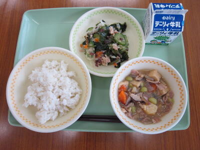 麦ごはん、牛乳、ごまみそ煮、海藻サラダ
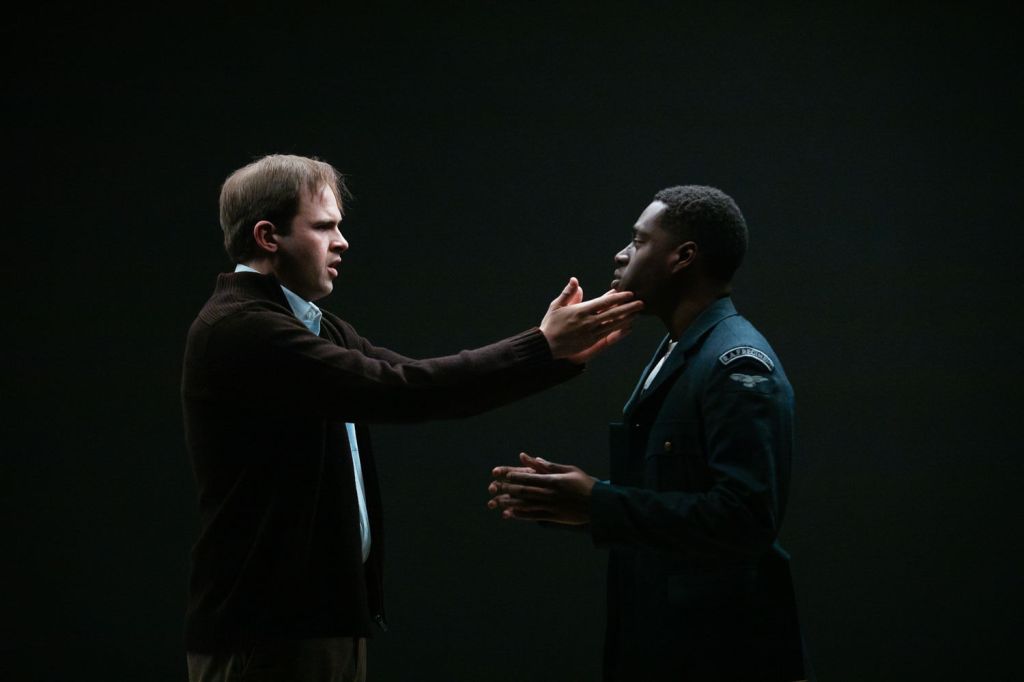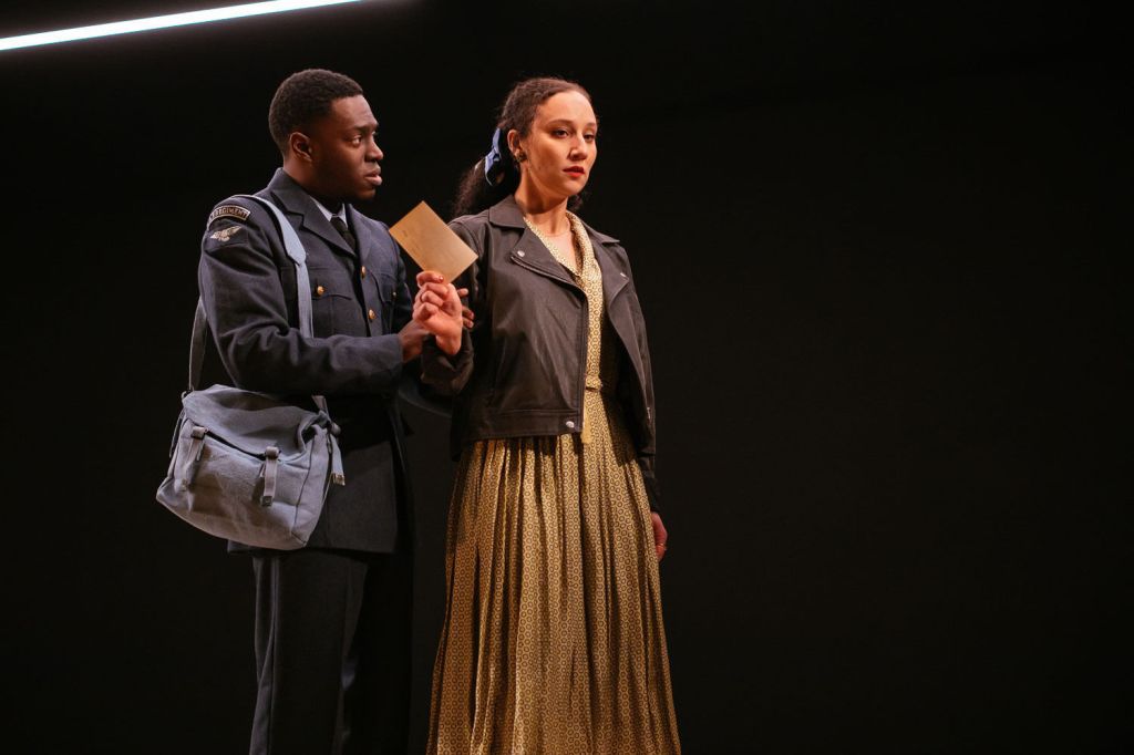 Yet the play rarely alights on a single mode of storytelling for long, ever-shifting between the past and present, with impressionistic, dream-like sequences peppered through. It is at its best when communicating through simple, powerful images – which convey several layers of meaning at once. Childhood is potently staged with McDougall and Nathaniel Christian flying paper aeroplanes, both guided by Becky. She works to prevent her boyfriend and the school crush she has recently reconnected with from colliding, neatly spelling out the love triangle that forms the basis of much of the drama. Yet the simulation also reminds us, of course, of the real planes that flew and fell out of the skies – shot down in the Battle of Britain.
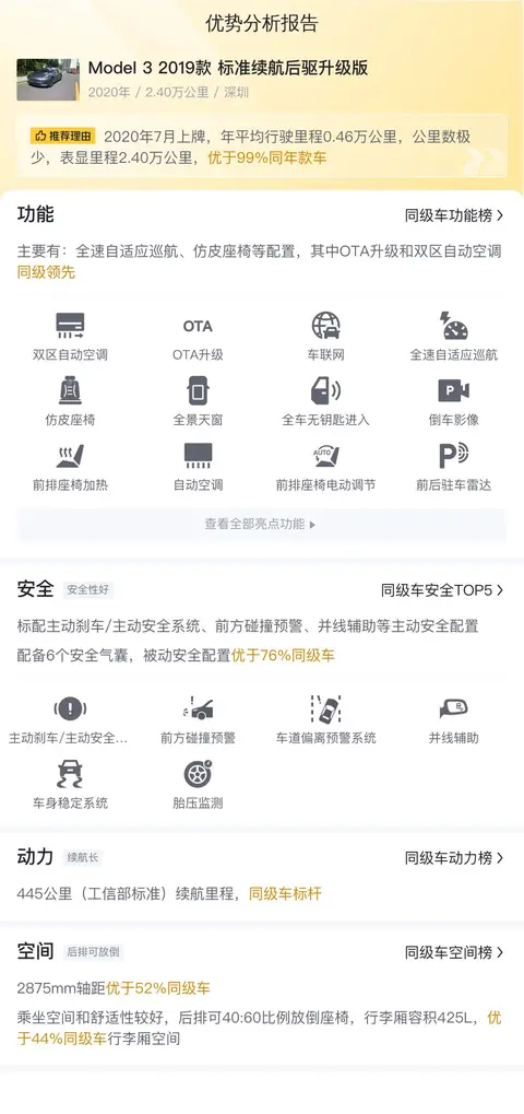 综上所述,这辆二手Model 3 2019款 标准续航后驱升级版在各个方面都表现出了较高的水准。作为一款纯电动车型,它在续航里程、动力性能等方面都有着出色的表现,同时在功能配置、车身尺寸、空间等方面也能满足大多数用户的需求。如果您正在寻找一款性价比高、使用成本低的纯电动车型,那么这辆二手Model 3无疑是一个值得考虑的选择。
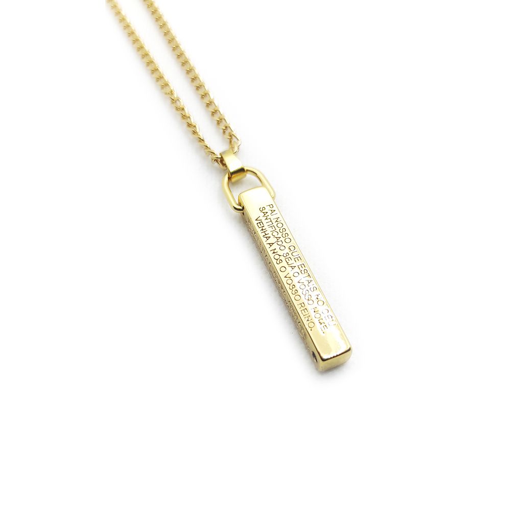 Inspirado na oração mais tradicional do cristianismo, o Pai Nosso Gold traz a oração gravada em baixo-relevo nas quatro faces do pingente, como um lembrete constante de fé e conexão espiritual. Seu acabamento dourado agrega sofisticação e profundidade simbólica à peça, tornando-se um colar com forte carga emocional e visual.
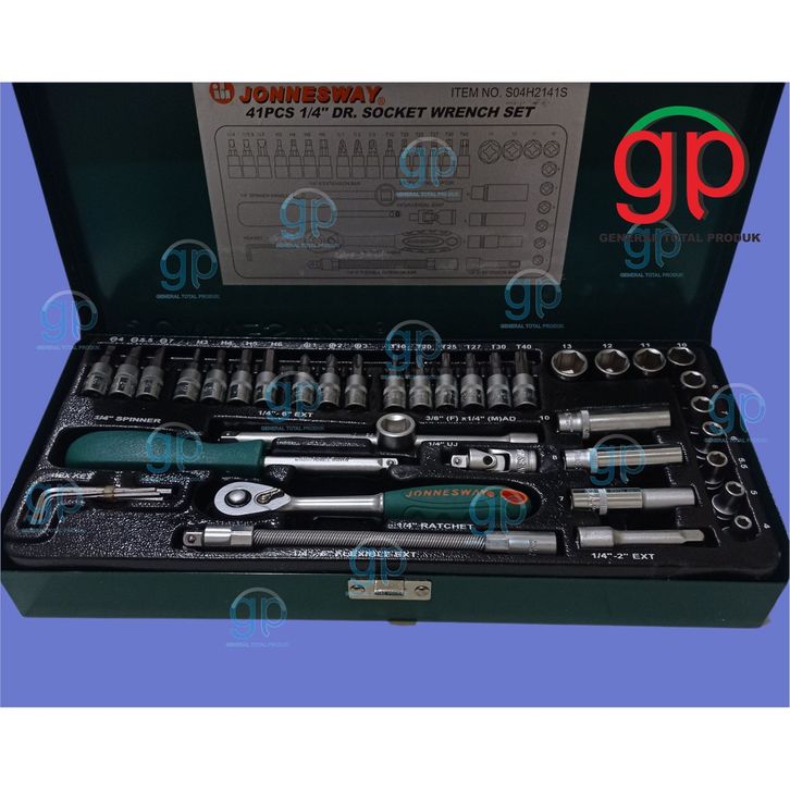 Jonnesway 41Pcs 1/4"DR Socket Wrench Set S04H2141S Kunci Shock Set Kunci Sok Set Industrial Heavy Duty

········

### THE TASK
Only the lines from the one containing "综上所述,这辆二手Model 3 2019款" through the last line of the entries above should be copied, exactly as they are and without the pictures.

### EXERCISE SOLUTION
 综上所述,这辆二手Model 3 2019款 标准续航后驱升级版在各个方面都表现出了较高的水准。作为一款纯电动车型,它在续航里程、动力性能等方面都有着出色的表现,同时在功能配置、车身尺寸、空间等方面也能满足大多数用户的需求。如果您正在寻找一款性价比高、使用成本低的纯电动车型,那么这辆二手Model 3无疑是一个值得考虑的选择。
 Inspirado na oração mais tradicional do cristianismo, o Pai Nosso Gold traz a oração gravada em baixo-relevo nas quatro faces do pingente, como um lembrete constante de fé e conexão espiritual. Seu acabamento dourado agrega sofisticação e profundidade simbólica à peça, tornando-se um colar com forte carga emocional e visual.
 Jonnesway 41Pcs 1/4"DR Socket Wrench Set S04H2141S Kunci Shock Set Kunci Sok Set Industrial Heavy Duty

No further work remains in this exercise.